Isso mesmo parece ter pesado também na decisão de Sandra Aguiar, 41 anos, diretora financeira numa firma minhota. "Nesta campanha sinceramente eu não tinha ninguém em quem votar - se Guterres se tivesse candidatado votava nele de olhos fechados - e pensei: mal por mal voto numa mulher. Tinha escolhido a Maria de Belém, mas perdeu o meu voto com a questão das subvenções. A Marisa era a outra pessoa em quem podia votar. Tirando elas só o Tino." Habitualmente votante no PS, nos últimos atos eleitorais tem votado BE. Mas não foi isso que a levou a votar Marisa. "A campanha foi um bocado pobre, os debates foram ridículos. Ou votava por palhaçada ou votava em alguém que me desse satisfação. E acho que está na altura de Portugal ter uma mulher como PR. Não sinto tanto o ser feminista ou não, mas acho que vivemos num mundo muito machista. A Marisa ainda é muito nova para ser PR e numa segunda volta teria dificuldade em votar nela. Mas teve um resultado merecido, foi dos poucos candidatos que se destacaram positivamente em campanha."

"Impoluta", aldeã e mulher

Habitual votante no PCP e por vezes também no BE - "voto sempre à esquerda" -, o ator Gonçalo Wadington, 38 anos, considera que o candidato comunista "era muito fraco" e Nóvoa pareceu-lhe "uma invenção". Ainda assim, sublinha o facto de ser mulher como a principal razão para ter escolhido Marisa. "Há muito tempo que acho que é preciso mais mulheres no poder." Isso e o facto de "haver algo de impoluto nela, não sei explicar - e ser uma pessoa muito combativa, de ideias muito claras."

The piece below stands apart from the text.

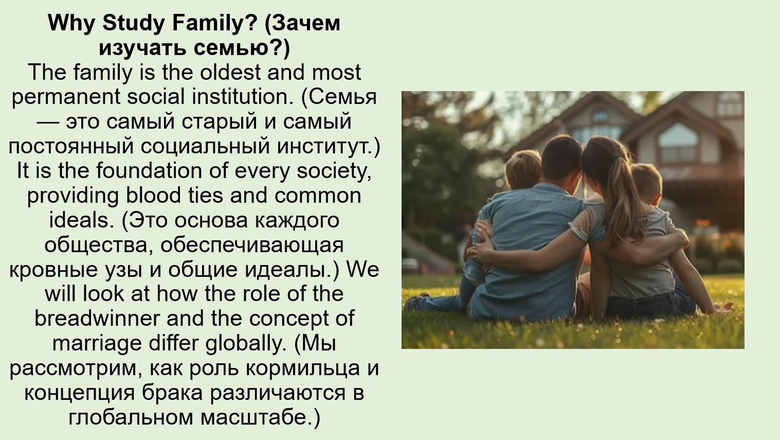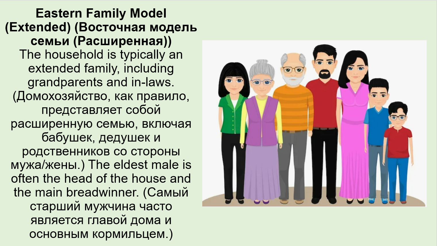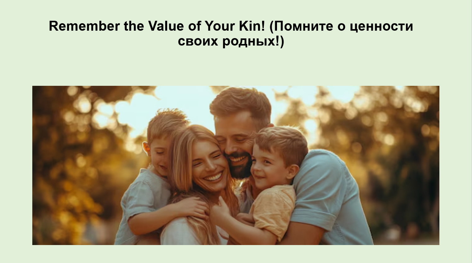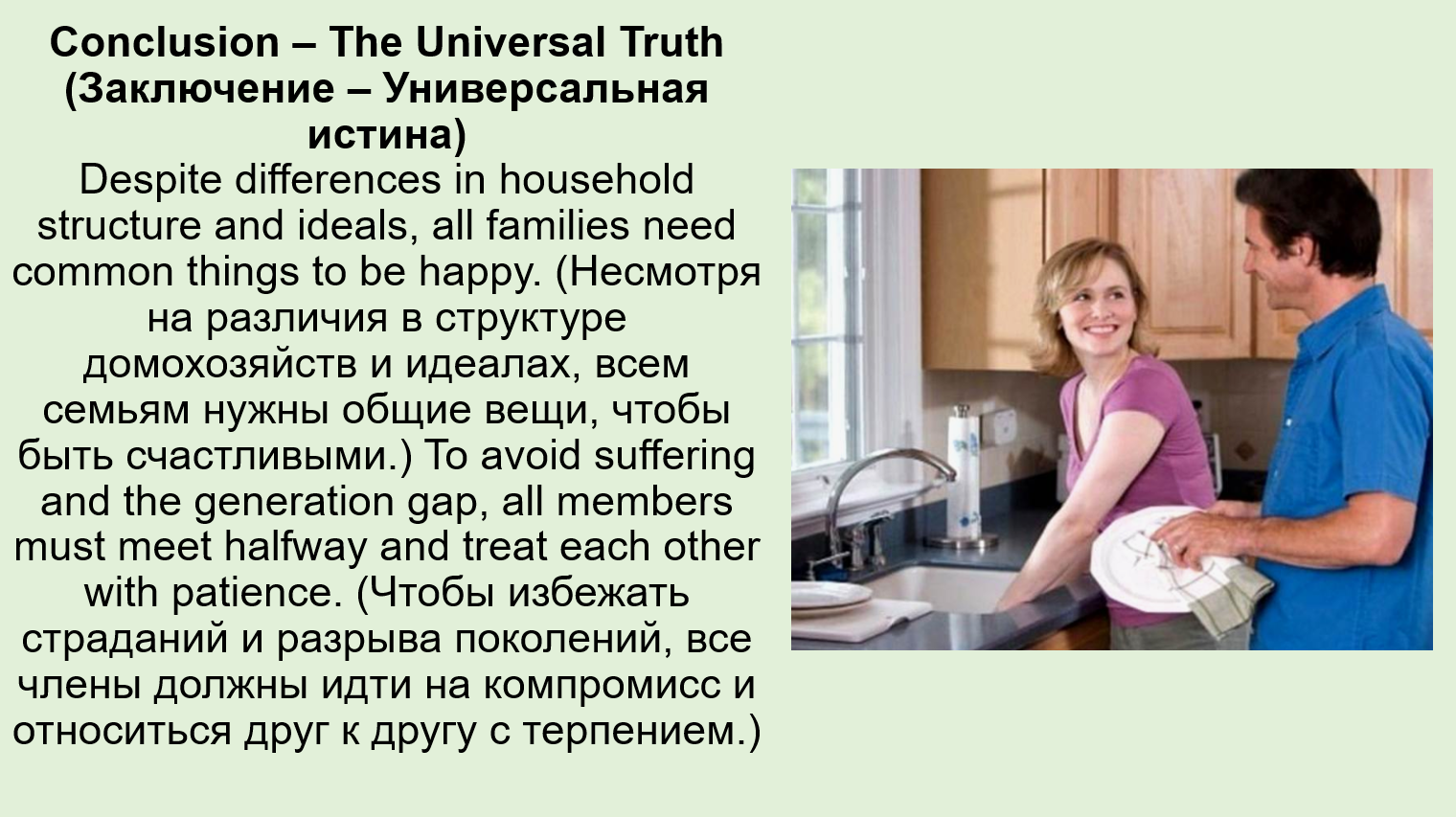 Добавить текст Вернуть оригиналCommunication (Общение) and respect (уважение) are the most important factors that prevent a generation gap (разрыв поколений) and ensure a happy household (счастливое домохозяйство).

O clique que decide o voto pode no entanto vir de algo tão incidental como ver a candidata na TV na sua aldeia natal. Com Fernando Barreto, 70 anos, reformado de mediador imobiliário, contumaz votante socialista de Gaia, foi assim. "Senti-me bem ao ver Marisa no único momento de campanha que vi nas TV. Único mesmo, dos outros nada de nada. Ela estava então na aldeia, falou com amigos e família, e eu, que fui parcialmente criado na aldeia, disse para mim: voto nela!" A motivação passou também por querer que o BE tivesse melhor resultado do que o PCP, e que Marisa ficasse próxima "da candidatura anedótica de Maria de Belém." Aí, comenta, "saiu-me o jackpot!"